CHEF TALK
On a monthly basis, Executive
Chef David Daggett will share with you new
recipes or ideas for creating culinary excellence.
Chef Talk by
Executive Chef David Daggett
Tastebuds Epicurean Cafe & Catering
www.tastebudscateringfortcollins.com
GLUTEN FREE CRACKERS
More and more people are avoiding wheat and wheat products. Whether do to celiac disease or just by choice. We see more products available in our grocery stores featuring gluten and dairy free foods. A lot of our favorite foods contain wheat or wheat by-products, most notable; breads and crackers. Trying to find healthy alternatives to breads and crackers is challenging, there are a number of ingredients and products out there for us to enjoy and explore on our own either with variations of standard recipes or creating our own.
I would like to spend the next few months sharing some of my gluten free recipes with you. They are pretty easy to make and have great flavor and texture. They also have a low carb, low sugar count! The two recipes that follow are for crackers, one savory and one sweet. They are great on their own or as an accompaniment to a meal or snack. I hope you enjoy them!

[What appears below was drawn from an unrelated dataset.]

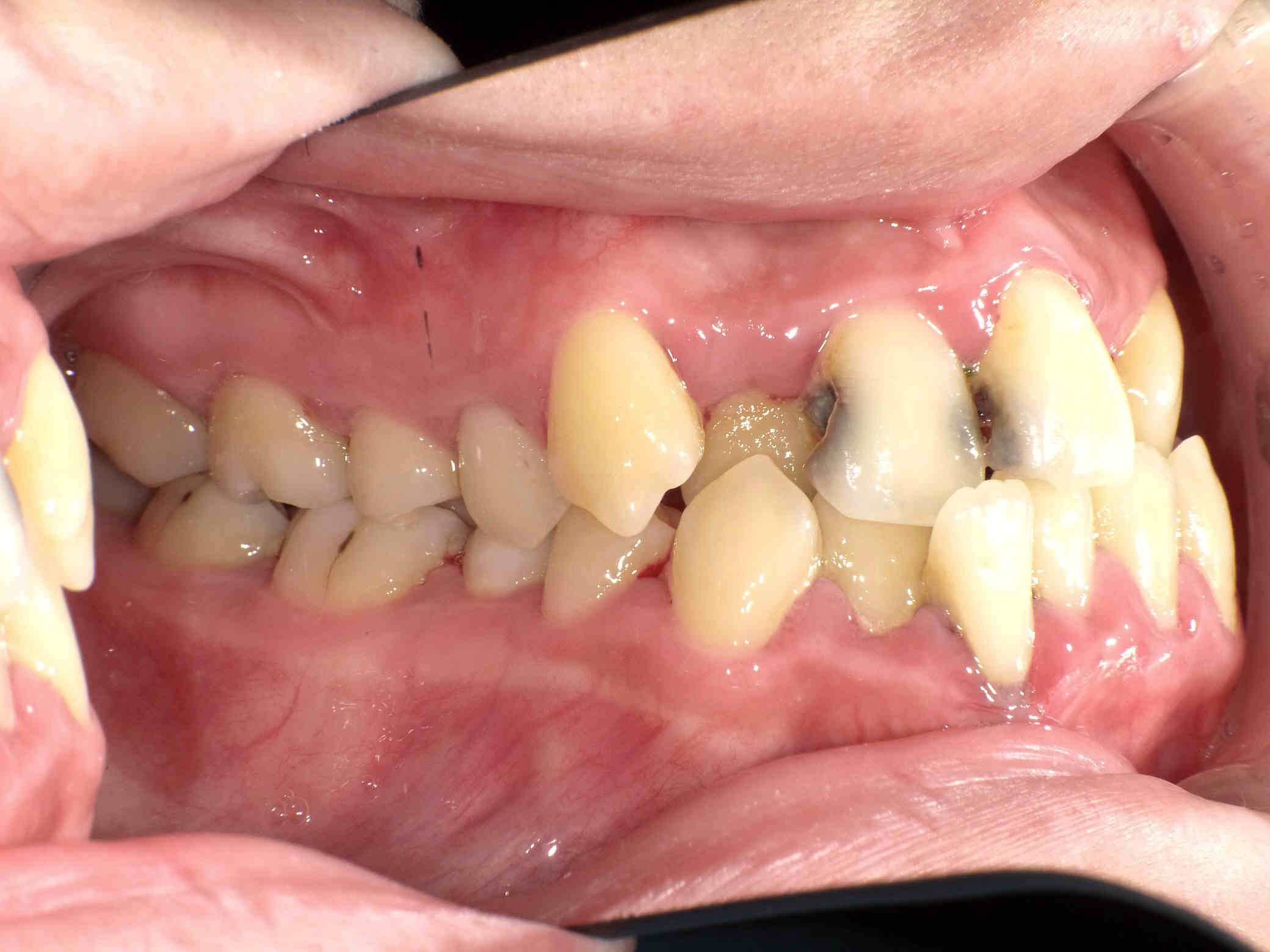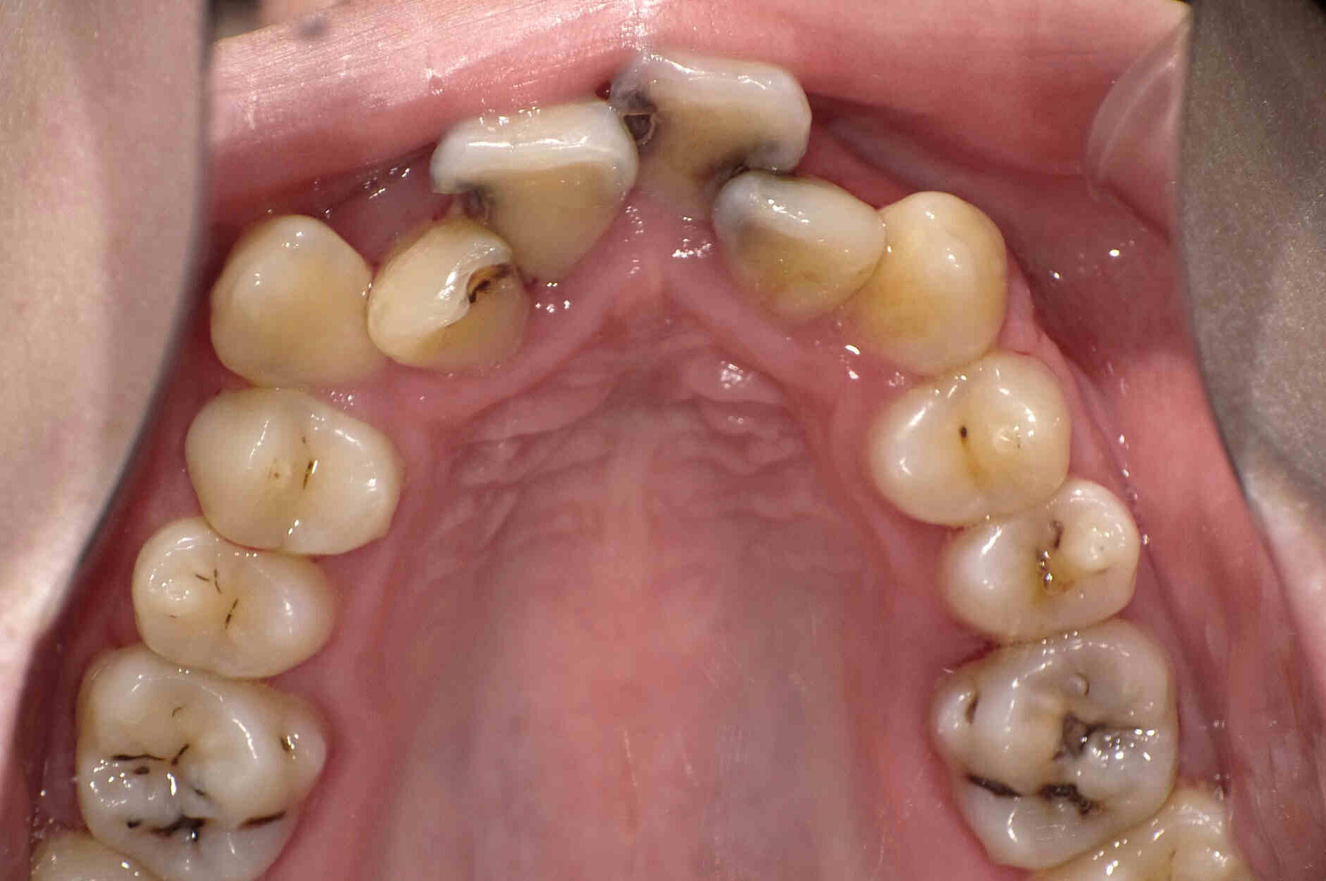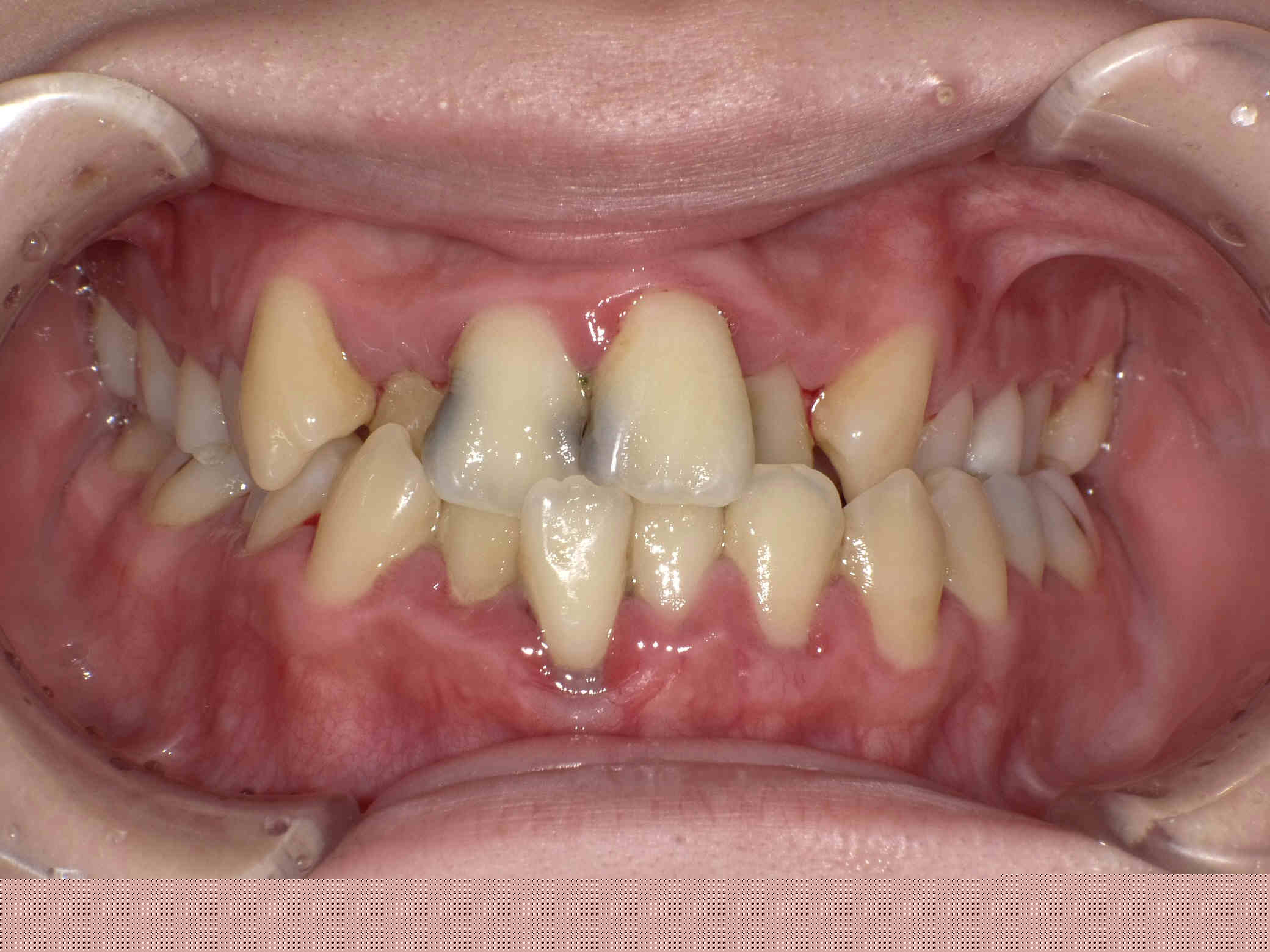 歯槽骨(歯を支えている骨)が狭く、デコボコや交叉咬合(部分的に下の歯が前に出ている)がありました。

All the ingredients are readily available in health food stores either by bulk or pre-packaged.
CHICKPEA CRACKERS WITH SEEDS
3/4C Chickpea Flour
1/3C Almond Meal
3TBL Flax Meal
2TBL Physillium Powder
1/2tsp Kosher or Sea Salt
1/4tsp Baking Soda
1TBL Dehydrated Cane Juice
2TBL Olive Oil
5TBL Water
Poppy Seeds, Sesame Seeds, Fennel Seeds, etc.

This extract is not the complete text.